Research Talk: Touring Protein Space with Matt

November 17, 2009

10:30a-11:15a

Halligan 127

Speaker: Noah M. Daniels, Tufts University

Abstract

The central dogma of proteomics states that genetic sequence determines protein (amino acid) sequence which in turn determines structure and ultimately biological function. Thus, differences in protein structure lead to differences in function. However, while differences in sequence ultimately lead to differences in structure, they do not do so at a uniform rate. For this reason, it can be useful to understand the evolutionary relationship among proteins, and how they relate in terms of structure.

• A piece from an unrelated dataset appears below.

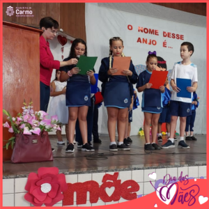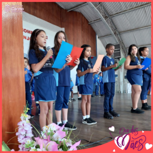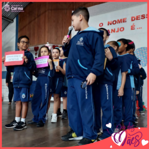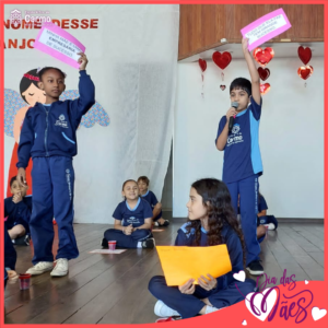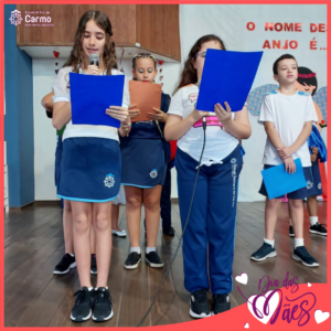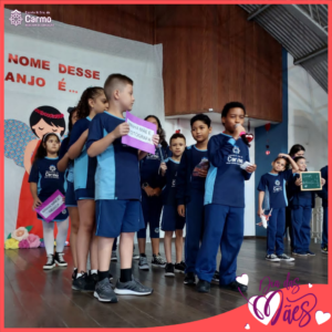 “O nome desse anjo é…MÃE!” foi tema que animou as apresentações das turmas do 1º ao 5º ano. Muitas manifestações de carinho e gratidão às mães fizeram do palco de nossa escola, lugar do abraço coletivo ‘Escola e Família’! Mãe é aquela que cuida de nós como um anjo: sempre presente, atenta e amável cuidadora da vida!
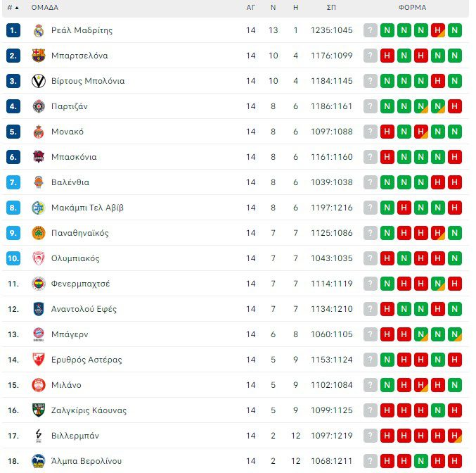 Η Βαθμολογία της Euroleague (σε 14 αγωνιστικές)

Since 1995, biologists have organized known proteins into a hierarchy according to the three-dimensional structure they form. Structural Classification of Proteins (SCOP) [Murzin et al. 1995] is one such manually-curated hierarchy. However, advances in bioinformatics have resulted in SCOP being a serious bottleneck; it cannot keep up with the flood of newly solved protein structures. There have been attempts, such as Families of Structurally Similar Proteins (FSSP) [Holm et al. 1992], to automate the structural organization of protein space. However, such attempts have not satisfied biologists.

We believe that advances in structural alignment tools, in particular Multiple Alignment with Translations and Twists (Matt) [Menke et al. 2008], allow us to organize protein space automatically in a manner consistent with SCOP, and thus with the needs of biologists. We present Touring Protein Space with Matt, an automated clustering of solved protein space using the Matt alignment tool and a distance metric derived from training on a subset of SCOP. Our hierarchy of protein structure agrees well with SCOP at the family level (corresponding to a high degree of similarity among structures) and the superfamily level (a lesser degree of similarity). We hope that this automated hierarchy will solve the bottleneck problem of SCOP while providing a useful tool for understanding evolutionarily related protein structures, as well as a benchmark set for improving the quality of sequence alignment tools.